Les arbres ont un secret. Les arbres ont une passion, celle de l’invisible. Voyez leurs hautes architectures, leurs éblouissantes cimes tutoyer les cirrus, plonger dans le ciel comme on plonge dans l’eau d’un lac. Ils sont au contact des dieux, ils volent comme des oiseaux, pareils à des aigles royaux à la vue perçante. Ils forent l’éther de l’intérieur, ils s’immiscent dans la moindre molécule d’air, parcourent les couloirs célestes à la vitesse des éclairs. Par la résille de leurs racines, l’étendue de leurs rhizomes, ils s’invaginent partout où une faille existe, une fêlure s’annonce. Les lianes de bois avancent, forent à la manière du museau d’animal fouisseur, marmotte, musaraigne, taupe dont ils percent le tunnel, fourrure qu’ils pénètrent de leur insatiable curiosité. Les tubes sylvestres traversent les couches de sédiments, font effraction dans la gemme, là où le cœur de cristal vibre de mille lueurs. Les arbres n’ont pas de limite. Ils défient les lois du temps, déplient l’espace qu’ils portent à la limite de l’exister. Ainsi, les Petits Boisés ont remonté le ruisseau jusqu’à sa source et s’y désaltèrent longuement. Quelque part, bien dissimulé dans l’anonymat de leurs anatomies, ils portent ce don de l’arbre qui est le sceau apposé sur leur minuscule présence.

Qui a appris à connaître le ciel, la terre, connaît aussi les hommes. Leurs gloires aussi bien que leurs faiblesses. Les failles intimes qu’ils portent en eux comme une discrète cicatrice. Alors, voyez-vous, depuis la sagesse dont ces petits bouts de bois sont les dépositaires, eh bien rien ne leur reste étranger, rien ne leur reste inconnu. L’invisible transformé en objet de contemplation, voici ce qu’ils voient de plus apparent au travers de l’effigie humaine. Certes les mains habiles, celles qui informent la beauté, prodiguent soins et réconforts, se tendent au-devant de l’autre afin de le porter à la dignité d’une reconnaissance. Certes les Petits Boisés voient tout cela comme ils verraient l’évidence de la montagne dressée devant eux. Mais ce qu’ils aperçoivent aussi, c’est cet irreprésentable qui ourdit ses complots, affûte ses lames : la perdition du monde dans de bien basses œuvres, les ravages de la drogue, les attaques de la maladie sournoise, les chausse-trappes de l’égoïsme, les plans des guerres, les manigances des barbares, les poings tachés de sang des criminels. Oui, ils voient tout ceci comme la radiographie traverse le corps pour aller y recueillir une troublante imagerie. Oui, l’envers des choses est souvent cet insoutenable qu’il faut dévoiler, afin qu’avertis du danger, nous commencions à déciller nos yeux, à ouvrir notre âme à l’absolu de l’art, au chatoiement du langage, à l’événement de la rencontre.
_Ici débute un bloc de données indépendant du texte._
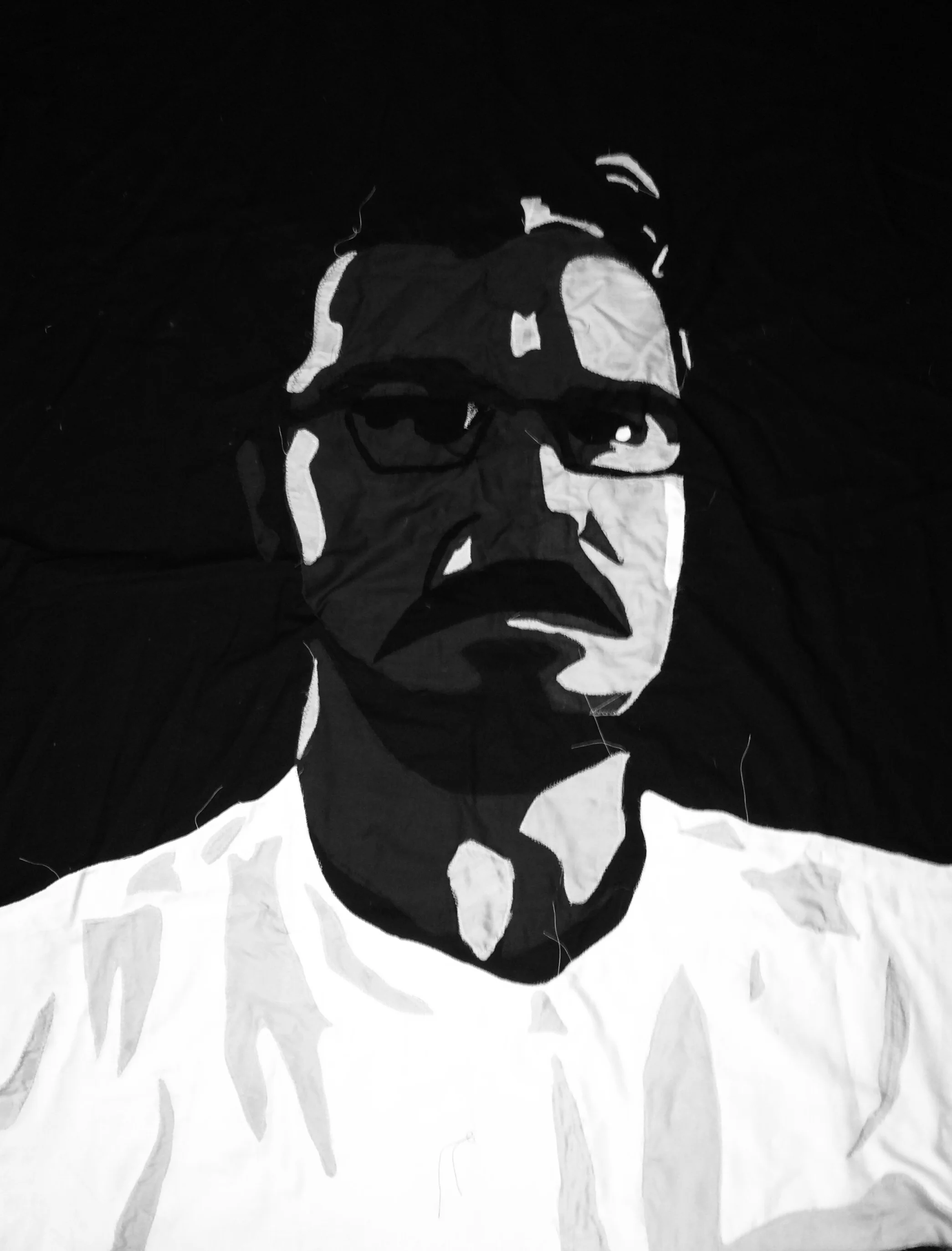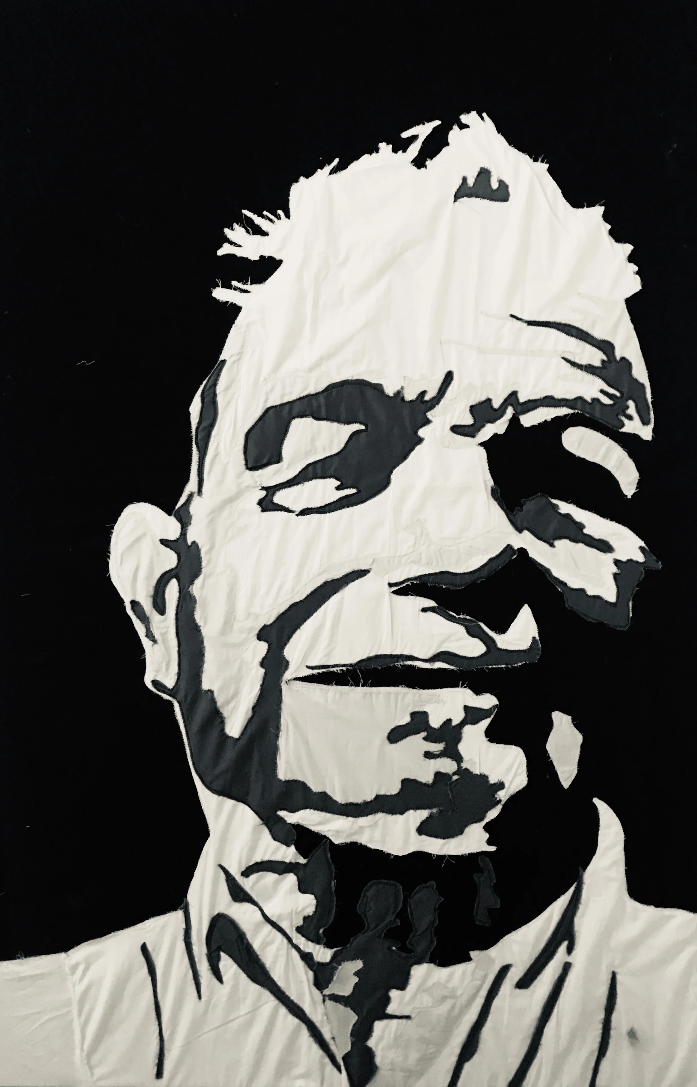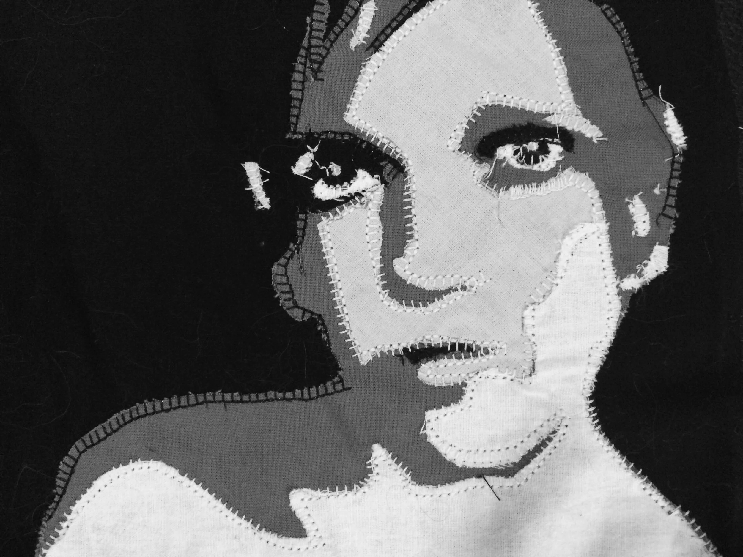 Erica Entrop's work involves a quilting process by simplifying, deconstructing, and reassembling portraits of familiar faces to recontextualize the idea of the 'selfie.' By using oddly shaped fabric scraps with varying opacities, she layers these pieces through stitching. Quilts having that historical or heirloom quality emphasize the contrast of the two notions.
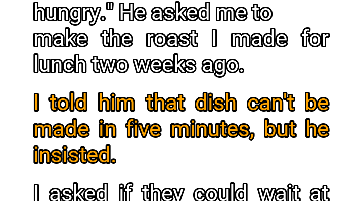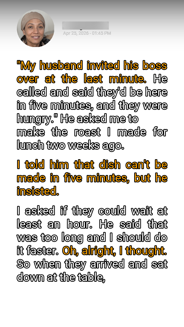 The bombshell dropped with the force of a small meteor. “My boss, Mr. Harrison, he’s just left the office with me. We’re on our way over. He’ll be there in… five minutes! And he’s starving! He specifically mentioned how much he loved that incredible roast you made for lunch two weeks ago. Said he’s been dreaming about it!” My jaw tightened. “Mark,” I began, my voice a carefully controlled calm that masked a rapidly rising tide of incredulity, “that’s a seven-hour dish. You know that. It’s not something you whip up in five minutes, or even an hour. It requires hours of slow cooking, not to mention the prep and marinating time.”
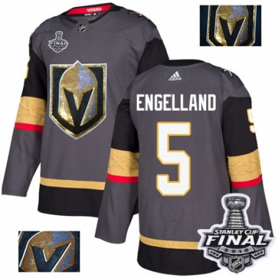 Men's Adidas Vegas Golden Knights #5 Deryk Engelland Authentic Gray Fashion Gold 2018 Stanley Cup Final NHL Jersey

Une falaise surplombant la mer, un éboulement de blocs de rochers, des galets à l’infini que battent continûment les flots, le bruit incessant, assourdissant du ressac, la brume de mer qui dissimule en partie à nos yeux cette silhouette penchée qui, à intervalles réguliers, prélève ici un bout de branche, là un morceau de planche usée, là plus loin une volige, un bois flotté aussi clair qu’un os poli par le temps. Oui, nous l’avons reconnu, c’est l’Artiste, celui dont l’habileté, la sensibilité donnent vie à ces minuscules présences qui portent en elles la longue mémoire des arbres. N’oublions jamais de voir dans ces infimes personnages non seulement l’imitation d’une figure humaine, mais le lexique de toute allégorie qui, en termes imagés, nous intime l’ordre d’y voir plus clair. N’aperçoit l’invisible que celui qui s’y est préparé. Non, vraiment, nous n’avons plus de temps à perdre ! Les Petits Boisés nous attendent.